European lawmakers supported tough new measures for tackling methane leaks in the energy sector, overcoming a last-minute challenge to water them down.
The European Parliament voted in favour of a position agreed last month at committee level to force importers to cut methane leaks from their supply chains, long a major source of emissions from the oil and gas industries. It will now enter into difficult talks with member states — which are pushing for weaker rules on curbing emissions — over the final shape of the regulation.
EU lawmakers also backed a call for the European Commission to set a 2030 methane-reduction target.
It “sends a strong signal on the direction Europe must go, especially as we move to the next stage of the process,” said Jonathan Banks, global director of methane pollution prevention at non-profit CATF. “To regain Europe’s leadership on climate and to drive change globally, it will be imperative that Parliament’s position is adopted.”
The vote followed a last-minute push by Cristian Busoi, a member of the centre-right European People’s Party and chair of the industry committee, to weaken key elements of the deal. That included making inspections of energy infrastructure for methane leaks less frequent, as well as lowering the threshold for importers to meet similar requirements.
None of his amendments achieved a majority.

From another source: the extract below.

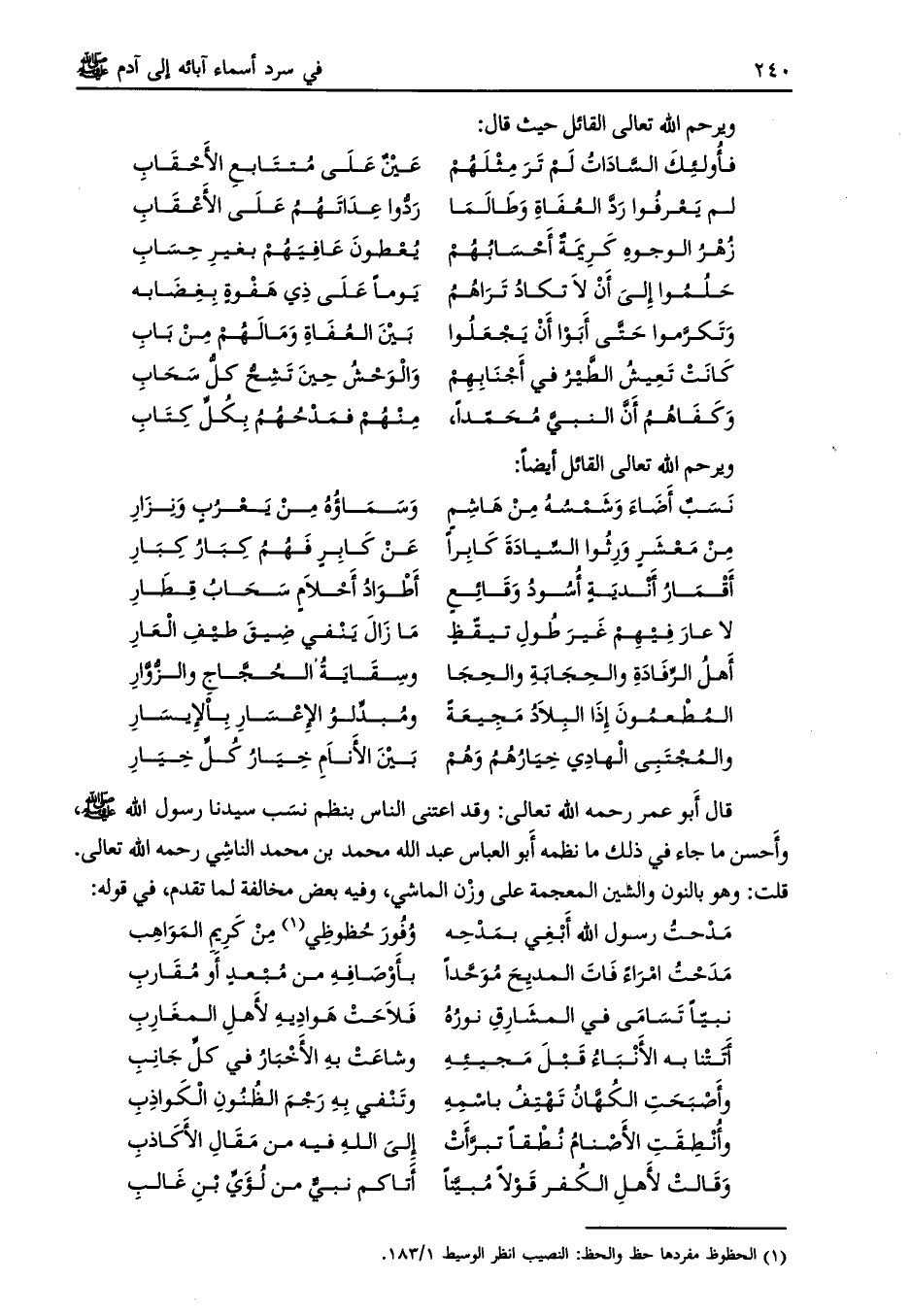 قال أبو عمر رحمه الله تعالى: وقد اعتنى الناس بنظم نسب سيدنا رسول الله صلى الله عليه وسلّم، وأحسن ما جاء في ذلك ما نظمه أبو العباس عبد الله محمد بن محمد الناشي رحمه الله تعالى.
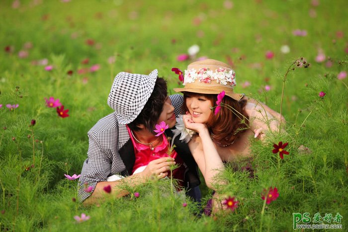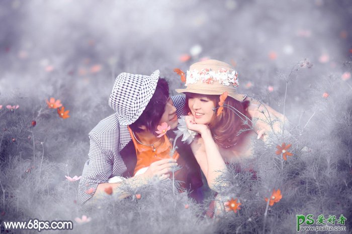 PS婚片后期调色:给草丛中的唯美婚片写真图片调出梦幻的中性蓝灰色,我们的婚纱照素材图片拍摄的很一般,色彩也不是梦幻的感觉,处理的时候先把主色转为比较简洁的中性色或淡色;然后用云彩滤镜及模糊滤镜增加梦幻效果;最后微调人物肤色,加强局部明暗即可。 原图

The EU is a signatory to the Global Methane Pledge, an international commitment to slash methane emissions by 30 per cent by the end of the decade, while most of its footprint comes from fossil fuels produced outside of the bloc.
“Without ambitious measures to reduce methane emissions, Europe will miss its climate targets and valuable energy will continue to be wasted,” said Jutta Paulus, the green lawmaker overseeing the file. “As Europe imports more than 80 per cent of the fossil fuels it burns, [it] is essential to expand the scope to energy imports.”